Response to RC1.4: Thank you for your comment regarding the ambiguous use of the term “efficiency.” We agree that in the original text, the use of “efficiency” could be misinterpreted as either referring to information-use efficiency or to computational/training efficiency. Our intention was to emphasize that high-quality training data enhanced the information-use efficiency of machine learning models, meaning the models achieved equal or better predictive accuracy using fewer, yet more informative, input variables. To clarify this, we revised the sentence in Lines 555–557 to state: “These results suggest that higher-quality training data improved the information-use efficiency of ML models, enabling them to maintain or improve prediction accuracy while using a reduced number of inputs.” We also reviewed and revised other instances throughout the manuscript, such as on Lines 539–540, to ensure that the term “efficiency” consistently refers to information-use efficiency unless otherwise specified.

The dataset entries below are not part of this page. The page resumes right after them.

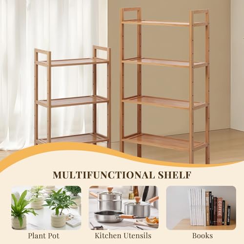 - تصميم متعدد الطبقات - تتميز أرفف الخيزران هذه بسعة كبيرة مع مواصفات من 3 طبقات/4 طبقات لتختار من بينها، ويمكن للهيكل متعدد الطبقات أن يستوعب معظم أدوات المطبخ وأدوات النظافة والكتب والنباتات وما إلى ذلك، مما يوفر مساحة تخزين وفيرة، ويجعل مساحتك أكثر أناقة وتنظيمًا، ويلبي احتياجات التخزين الخاصة بك بسهولة.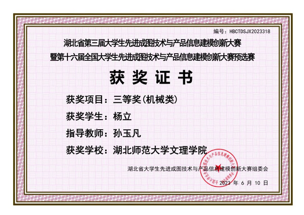 本网讯 (通讯员 邢凯)5月27日,由湖北省工程图学学会主办,华中科技大学承办的“湖北省第三届大学生先进成图技术与产品信息建模创新大赛”暨“第十六届大学生先进成图技术与产品信息建模创新大赛省级预赛”成功举办,Leyu Sports东风悦享智能汽车产业学院荣获2项三等奖。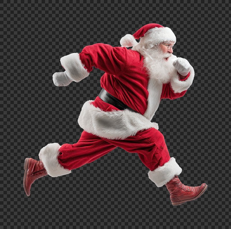 PNG Energetic Santa running joyfully. https://www.rawpixel.com/image/24022370/png-energetic-santa-running-joyfullyView license
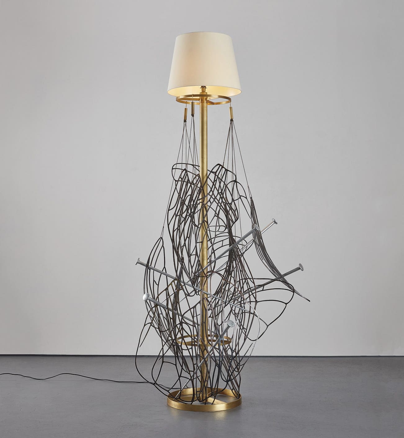 Since the 1970s, Brazilian artist Tunga worked primarily with sculpture, installation, and performance art, inviting viewers into a continuous dialogue with his practice. His artworks are intentionally enigmatic, meant to confound viewers and, in turn, probe new meanings and ideas, which for the artist become embedded within the pieces themselves. In his sculptures, Tunga draws upon Surrealism as a primary influence, juxtaposing familiar objects in mysterious, often unsettling ways. Revolution, executed in 2007, reveals such influences and, in doing so, engages the viewer at the delicate border between the real and the imaginary. A tall, standing lamp exists at the core of the sculpture, swathed in a tangled web of seemingly unidentifiable forms. Upon closer examination, this web reveals itself as larger-than-life insect wings, oversized pins, and hanging chains, arranged in a frenzy of opposing elements.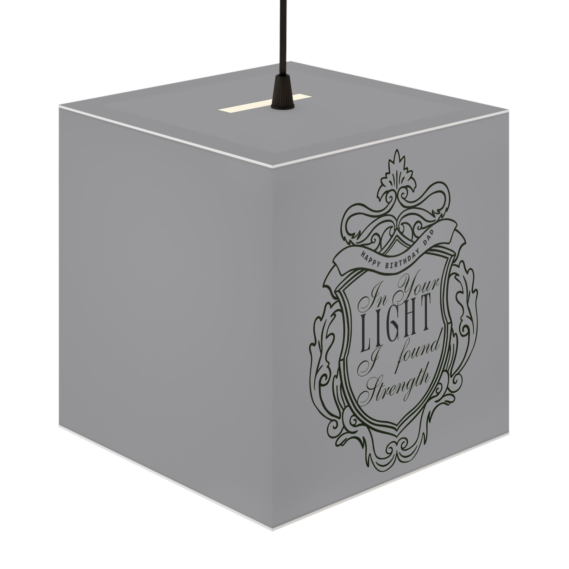 A unique Birthday Gift for Dad, this Light Cube Lamp features a design that says 'In your light, I found my strength.' With vibrant colors, lightweight material, and relaxing ambient lighting, this lamp is perfect for creating a cozy atmosphere in any space. Not suitable for children, this lamp comes in two sizes and includes both a standard cord and a pendant cord for versatile use. Made in Latvia from globally sourced parts.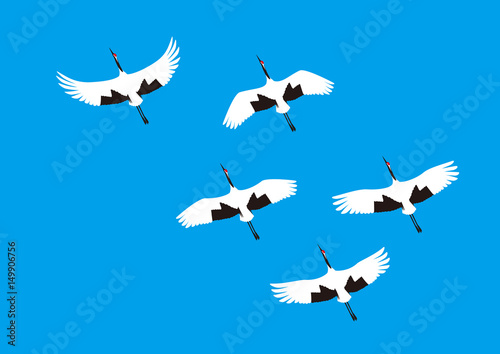 crane, crane, wing, wing, fly, fly, japan, hokkaido, bird, red, nature, sum, flying, sky, blue skies, flock, sunny, winter, background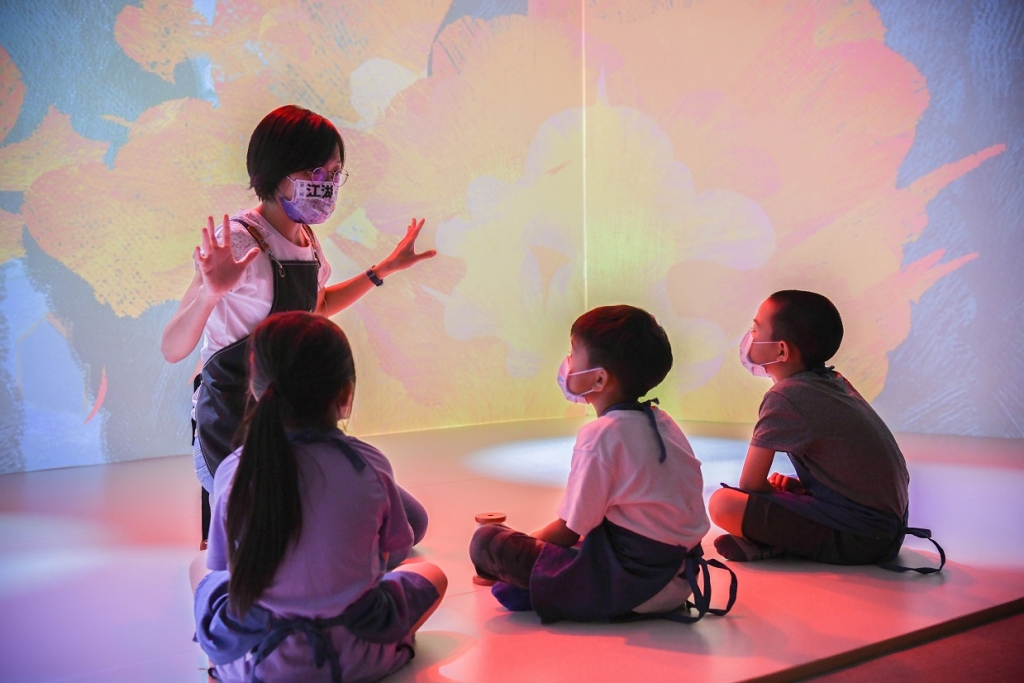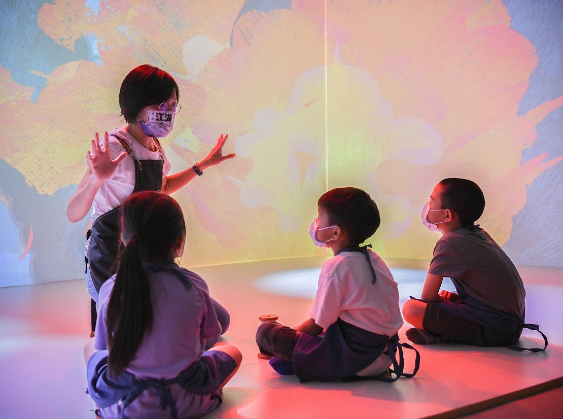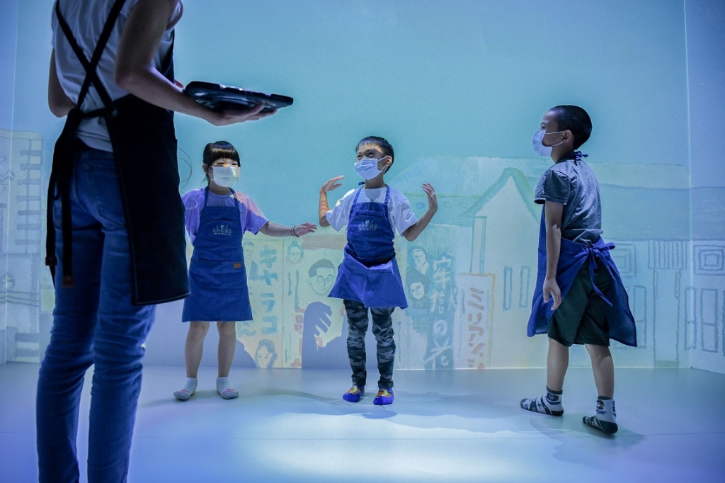 臺文館透過「兒童文學遊戲場計畫」,將館內B1的文學樂園體感遊戲區導入劇場化設計,幫助講師呼風喚雨,讓過去聆聽繪本故事的被動式,進化為同時激發五感的進行式。因應常態說故事活動,未來還將開放講師自由編輯互動腳本,配合劇情節奏,適時變換投影圖像、燈光、音樂,創造專屬故事劇場。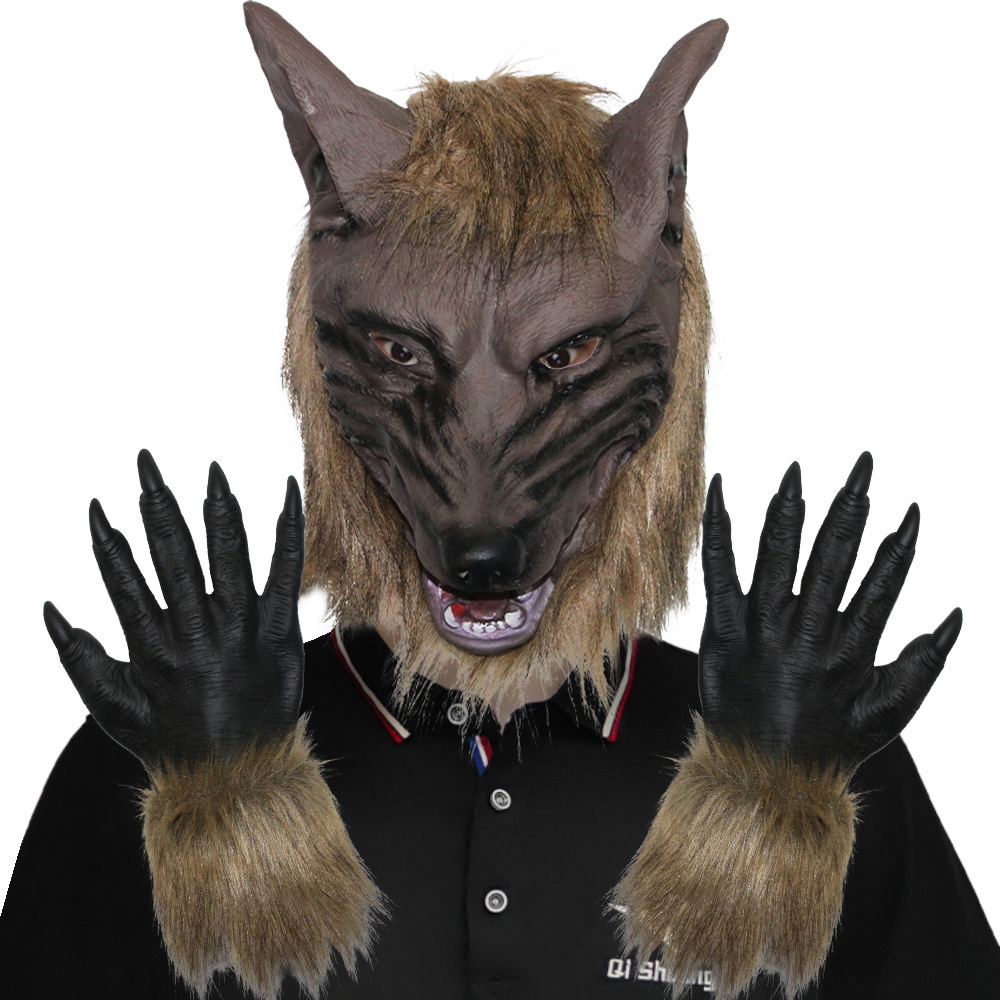 Topeng hewan penutup kepala serigala liar horor hiasan kepala lateks spoof topeng pesta Hari Halloween properti lucu

Citation: https://doi.org/10.5194/egusphere-2025-2036-AC1
-
AC1: 'Reply on RC1', Minhyuk Jeung, 04 Dec 2025
-
RC2: 'Comment on egusphere-2025-2036', Anonymous Referee #2, 05 Nov 2025
This is a useful, well-motivated study on how information quantity (marginal entropy) and quality (transfer entropy) affect hydrological ML performance. The core message—that more data does not guarantee better predictions while higher-quality information is more impactful—is clear and relevant. I recommend moderate revision focused on clarity of structure, terminology, and methods transparency.
Detailed comments are listed as follows.
1. Restructure: move quantitative ML results to Results; keep Discussion for interpretation, organized into quantity effects, quality effects, and implications for ML–process model integration.
2. Clarify terms: replace/define “resilience” precisely; reserve “efficiency” for information-use efficiency (IUE) and use “computational efficiency” for runtime/training remarks.
3. Methods transparency: briefly specify how marginal/transfer entropy are estimated (estimator, lags/embedding/discretization) and note comparability of “bits” across variables.
4. Data splits & leakage: clearly diagram time windows (SWAT calibration vs. ML train/test) and state how leakage is avoided.
5. Uncertainty & presentation: add compact uncertainty cues (e.g., CIs/whiskers or paired tests) to key figures; simplify dense plots and fix minor typos/formatting.Citation: https://doi.org/10.5194/egusphere-2025-2036-RC2 -
AC2: 'Reply on RC2', Minhyuk Jeung, 04 Dec 2025
RC2.1: This is a useful, well-motivated study on how information quantity (marginal entropy) and quality (transfer entropy) affect hydrological ML performance. The core message—that more data does not guarantee better predictions while higher-quality information is more impactful—is clear and relevant. I recommend moderate revision focused on clarity of structure, terminology, and methods transparency. Detailed comments are listed as follows.
Response to RC2.1: We appreciate the reviewer’s detailed and constructive suggestions for clarifying the manuscript structure and improving methodological transparency. In response to them, we have made several key revisions. First, as suggested, we split the original Discussion section into three parts: (1) how information quantity affects ML performance, (2) how information quality affects ML performance, and (3) implications for combining ML with process-based models. We also moved detailed model accuracy statistics (e.g., RMSE and NSE) included in the Discussion section to the Results section to better separate evidence from interpretation. Second, we replaced the word “resilience” with “robustness” when describing the ANN model’s ability. Third, we clarified our use of the term “efficiency” to avoid confusion. In this study, “information-use efficiency” refers to a model’s ability to achieve equal or better predictive performance using fewer, but more informative, input variables, not to reductions in training time or computational cost. Fourth, we added whisker-box plots to present the inter-dataset, inter-model, and inter-watershed variability of the key metrics (KGE and IUE). These plots allow us to examine how performance varies across different ML models and data combinations and to discuss which configurations yield more consistent results.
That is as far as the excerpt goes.